Can someone please let me know what this error means? I seems to get it by launching rtContextLaunch1D and my display driver stops working.
OptiX Error: Unknown Error (Details: Function “_rtContextLaunch1D” caught exception: Encountered a CUDA error: Kernel launch returned (702): Launch Timeout, [6619200])
That means that your OptiX/CUDA kernel did not finish before the operating system timeout kicked in assuming a kernel driver was hung and restarted the display driver to prevent a bluescreen. Microsoft calls that mechanism “Timeout Detection and Recovery” (TDR).
Under Windows Vista/7/8 Windows Display Driver Model (WDDM) that timeout is only two seconds!
Under Windows XP it was higher but then you got a bluescreen.
The possible solutions to these problems are
Do less work more often. (E.g. shoot fewer rays per launch, launch more often and combine the results.)

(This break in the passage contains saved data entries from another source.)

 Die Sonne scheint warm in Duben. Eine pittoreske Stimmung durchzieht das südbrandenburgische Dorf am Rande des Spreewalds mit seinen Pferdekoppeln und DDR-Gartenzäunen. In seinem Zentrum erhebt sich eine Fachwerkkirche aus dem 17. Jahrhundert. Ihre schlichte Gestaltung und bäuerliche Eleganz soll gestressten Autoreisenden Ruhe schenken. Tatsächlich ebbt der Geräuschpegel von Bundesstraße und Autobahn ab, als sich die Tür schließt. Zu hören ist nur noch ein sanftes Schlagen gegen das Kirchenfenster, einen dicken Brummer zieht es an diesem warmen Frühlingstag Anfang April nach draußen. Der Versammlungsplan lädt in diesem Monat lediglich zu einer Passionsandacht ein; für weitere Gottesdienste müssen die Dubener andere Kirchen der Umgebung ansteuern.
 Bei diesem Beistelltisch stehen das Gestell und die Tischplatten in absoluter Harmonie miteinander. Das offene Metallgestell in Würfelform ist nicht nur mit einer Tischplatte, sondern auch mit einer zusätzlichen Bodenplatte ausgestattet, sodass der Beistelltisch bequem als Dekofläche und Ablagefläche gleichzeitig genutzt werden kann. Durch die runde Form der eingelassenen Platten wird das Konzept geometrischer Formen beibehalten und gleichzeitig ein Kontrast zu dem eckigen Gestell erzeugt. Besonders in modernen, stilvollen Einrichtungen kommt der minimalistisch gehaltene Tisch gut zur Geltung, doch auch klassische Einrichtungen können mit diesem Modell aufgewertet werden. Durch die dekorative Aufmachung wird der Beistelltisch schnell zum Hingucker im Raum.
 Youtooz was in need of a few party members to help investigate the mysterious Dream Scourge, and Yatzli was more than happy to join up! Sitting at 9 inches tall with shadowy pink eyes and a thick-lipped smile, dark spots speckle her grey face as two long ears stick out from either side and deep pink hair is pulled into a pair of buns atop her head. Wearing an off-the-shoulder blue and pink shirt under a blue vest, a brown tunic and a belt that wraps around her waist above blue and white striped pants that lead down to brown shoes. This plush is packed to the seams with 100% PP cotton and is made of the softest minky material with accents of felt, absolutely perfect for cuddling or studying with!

Use a Tesla board running in Tesla Compute Cluster (TCC) driver mode which is not affected by the OS display driver timeout.
Use faster GPUs.
Use more GPUs.
Increase the TDR timeout. (Absolutely not recommended for shipping applications!)
I’ve had the same issue, and in most cases I’ve solved it using rtContextSetTimeoutCallback(). From what I understand, OptiX calls the specified callback function at the time interval specified, which prevents timeouts.
However, sometimes (especially if I launch the same OptiX program repeatedly from my application) the callback function doesn’t seem to get called in time to prevent a timeout. Can someone explain the mechanism that OptiX uses to call the callback function, and what I can do to guarantee that it gets called before Windows calls its TDR mechanism?
Optix measures the time a warp has started against the time specified in timeout. Problems arise when for example you have a launch index that can take 0.5 seconds, the timeout is 1.8 seconds and the current elapsed time is 1.6 seconds. OptiX says it’s OK to proceed (1.6 < 1.8), but you get a timeout when you wanted to use 2.1 seconds.
Generally you want to set the timeout to be TDR - MaxTimeForSingleLaunchIndex. In the above example, you would set the timeout at 1.5 seconds if your TDR is 2 seconds.
Note that you can also adjust the TDR in your windows registry. There are instructions of how to do so in the CUDA Toolkit documentation.
In addition a Tesla device or a Quadro device put in TCC mode will not have the TDR limitation. I use a Tesla device, and I love it for OptiX work.